WORK REQUEST -
Transcribe exactly, leaving out pictures, the lines from the one that holds "This bingo card" through the end of the data below, including both end lines and no others.

DATA FOR THIS EXERCISE -
Content starts

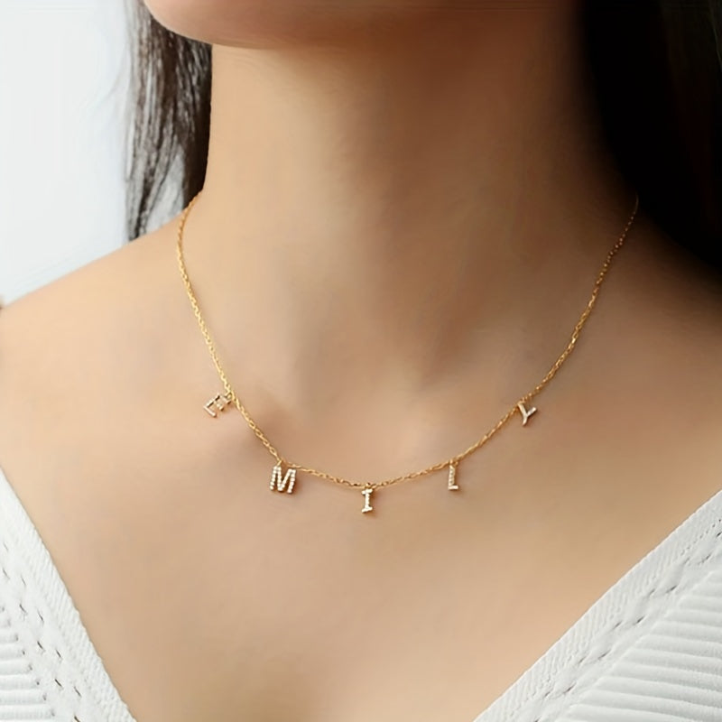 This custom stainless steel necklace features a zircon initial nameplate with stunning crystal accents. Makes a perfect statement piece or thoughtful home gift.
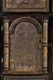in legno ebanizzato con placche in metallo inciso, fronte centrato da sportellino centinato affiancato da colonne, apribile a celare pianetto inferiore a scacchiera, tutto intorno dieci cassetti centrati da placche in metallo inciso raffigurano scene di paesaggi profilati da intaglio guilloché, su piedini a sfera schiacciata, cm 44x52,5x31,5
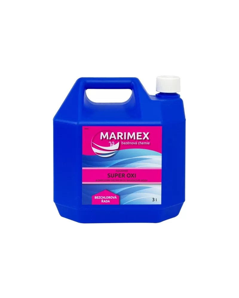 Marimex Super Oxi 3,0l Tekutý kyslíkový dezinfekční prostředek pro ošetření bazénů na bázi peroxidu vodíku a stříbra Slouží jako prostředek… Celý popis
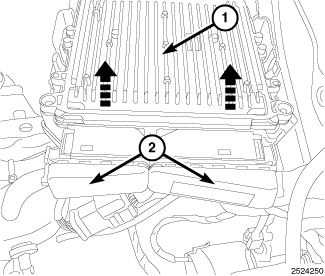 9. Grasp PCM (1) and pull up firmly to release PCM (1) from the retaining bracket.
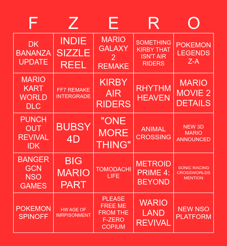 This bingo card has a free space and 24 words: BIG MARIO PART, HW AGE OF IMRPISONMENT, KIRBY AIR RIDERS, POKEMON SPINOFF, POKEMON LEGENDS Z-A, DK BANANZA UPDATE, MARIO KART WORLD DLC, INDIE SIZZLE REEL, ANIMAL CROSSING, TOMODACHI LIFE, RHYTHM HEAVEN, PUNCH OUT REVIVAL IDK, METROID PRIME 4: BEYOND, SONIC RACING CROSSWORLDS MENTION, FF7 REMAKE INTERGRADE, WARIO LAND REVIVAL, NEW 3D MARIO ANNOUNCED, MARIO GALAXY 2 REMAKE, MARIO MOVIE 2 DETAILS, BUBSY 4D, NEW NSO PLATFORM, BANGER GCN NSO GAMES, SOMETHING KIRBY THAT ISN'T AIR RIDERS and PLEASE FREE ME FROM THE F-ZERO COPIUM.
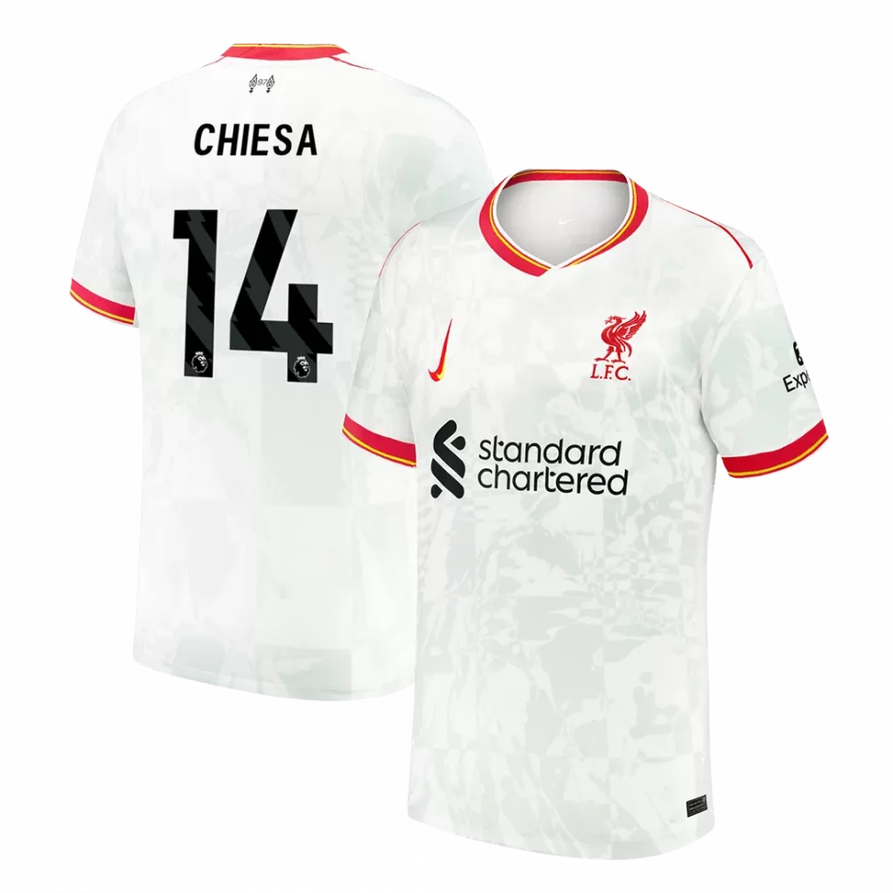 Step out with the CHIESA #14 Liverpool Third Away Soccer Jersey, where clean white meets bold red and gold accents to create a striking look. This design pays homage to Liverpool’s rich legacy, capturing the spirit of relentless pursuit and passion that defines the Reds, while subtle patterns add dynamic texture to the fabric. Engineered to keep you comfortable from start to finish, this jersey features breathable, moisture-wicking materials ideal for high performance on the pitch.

Content ends

ANSWER SPACE -
 This bingo card has a free space and 24 words: BIG MARIO PART, HW AGE OF IMRPISONMENT, KIRBY AIR RIDERS, POKEMON SPINOFF, POKEMON LEGENDS Z-A, DK BANANZA UPDATE, MARIO KART WORLD DLC, INDIE SIZZLE REEL, ANIMAL CROSSING, TOMODACHI LIFE, RHYTHM HEAVEN, PUNCH OUT REVIVAL IDK, METROID PRIME 4: BEYOND, SONIC RACING CROSSWORLDS MENTION, FF7 REMAKE INTERGRADE, WARIO LAND REVIVAL, NEW 3D MARIO ANNOUNCED, MARIO GALAXY 2 REMAKE, MARIO MOVIE 2 DETAILS, BUBSY 4D, NEW NSO PLATFORM, BANGER GCN NSO GAMES, SOMETHING KIRBY THAT ISN'T AIR RIDERS and PLEASE FREE ME FROM THE F-ZERO COPIUM.
 Step out with the CHIESA #14 Liverpool Third Away Soccer Jersey, where clean white meets bold red and gold accents to create a striking look. This design pays homage to Liverpool’s rich legacy, capturing the spirit of relentless pursuit and passion that defines the Reds, while subtle patterns add dynamic texture to the fabric. Engineered to keep you comfortable from start to finish, this jersey features breathable, moisture-wicking materials ideal for high performance on the pitch.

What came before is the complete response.